I was looking back over some of my blog posts and was thinking, these might be the perfect combo.
…from an email dated 7/17/17.
Thanks for the email Jim, the renderings, and the information. It will allow me to understand your vision and give you the best recommendations I can.
So, if you are building this for show use, anything can be done because expectations are about fit, finish and accomplishing your vision. Love the photoshops, it looks incredible. I need to be the devil’s advocate though. 19’s on a late model ghia, that is going to be tough. You really only have 7″ total width to play with, so finding a wheel that fits exactly, before paint is key to the entire equation. Air Ride and high performance are polar opposites. High performance applications need stability, firmness, less sway and body roll. Air Ride is plush, soft, floats like a butterfly, etc. But if you are building a show car, totally bitchin’! In my opinion, you will need to go one route or the other if you have expectations of one or the other, as having both is not an option.
My opinion, 4″ Narrowed PRObuilt Beam with air ride, front and rear disc brakes in a porsche bolt pattern and a mild 1914cc and below engine. This is one route. The other route, 4″ Narrowed PRObuilt beam with adjustable shocks, big BAD Series Brakes, adjustable shocks in the rear and the big 220 horse engine. Both are cool in their distinctive looks but function completely different.
What do you think?
Pete Skiba – Founder & COO
In retrospect, 220 ponies really would be over-kill for a 95% show Ghia. Realistically, am I going to spend 100’s of hours getting the body perfect to hit the road and beat the snot out of it? I’m guessing that 1914 would produce what, 110 – 120HP? Still a drivable VW. Probably save a couple grand on the engine build as well. I’ll need that, as I’m really stuck on the 19’s and I’m certain I’ll have to get them custom made.
Here’s what they suggested…
Performer Chassis – $2500 Deposit – $24,500.00 as you see it
I first braced the doors with some 2X4’s and metal strips, not pretty but it works and was cheap. Luckily there is no pressure on them after raising the body and the heater channels look to be free of rust.
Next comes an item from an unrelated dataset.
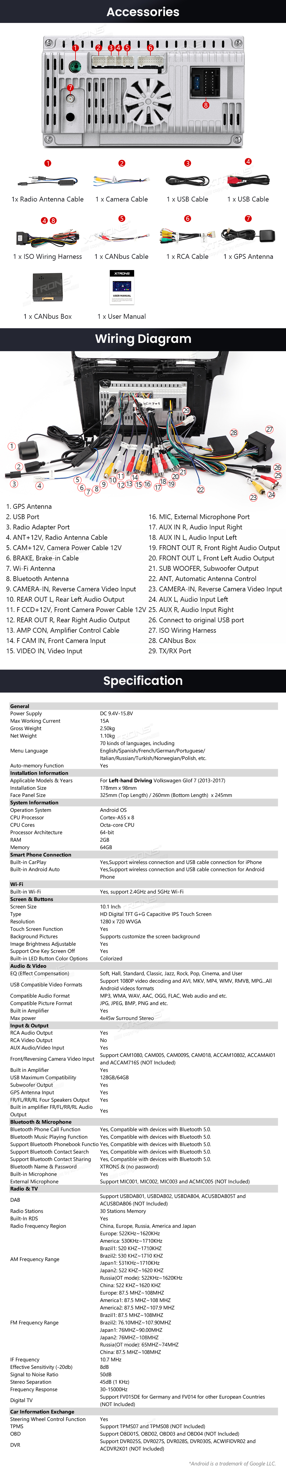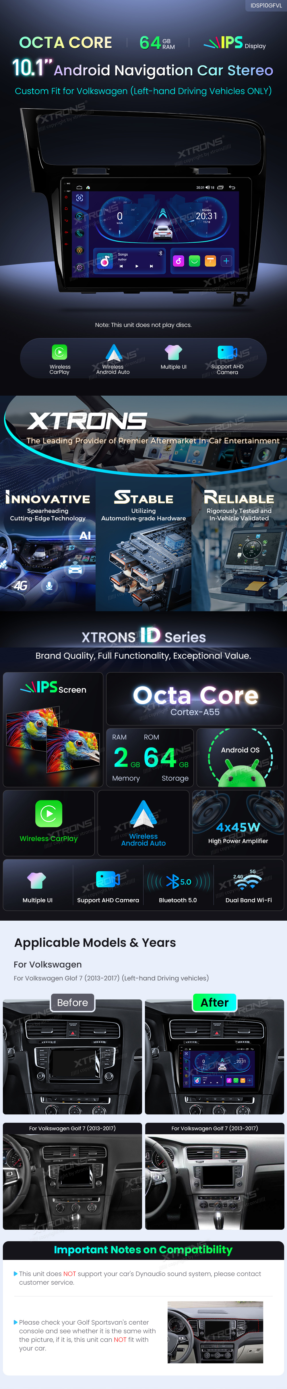 10,1-Zoll-Octa-Core-Autoradio mit 64 GB IPS-Display, Equalizer, DSP, verschiedenen Benutzeroberflächen, Android-Navigation für Volkswagen Golf 7 (2013–2017, Linkslenker)

I used 4×4’s, some I had laying around from a deck/fence project that took priority over working on the car earlier in the month. I used 8′ lengths for the lower sections and 6’5″ for the width to allow wider tires when I eventually get to that point. The vertical pieces are 2′ (the OP later said he would add 4 inches to those 2 foot sections) and allowed the pan to almost completely clear the body with the front suspension attached. I removed that and put it on dolly’s a bit lower that allowed full clearance.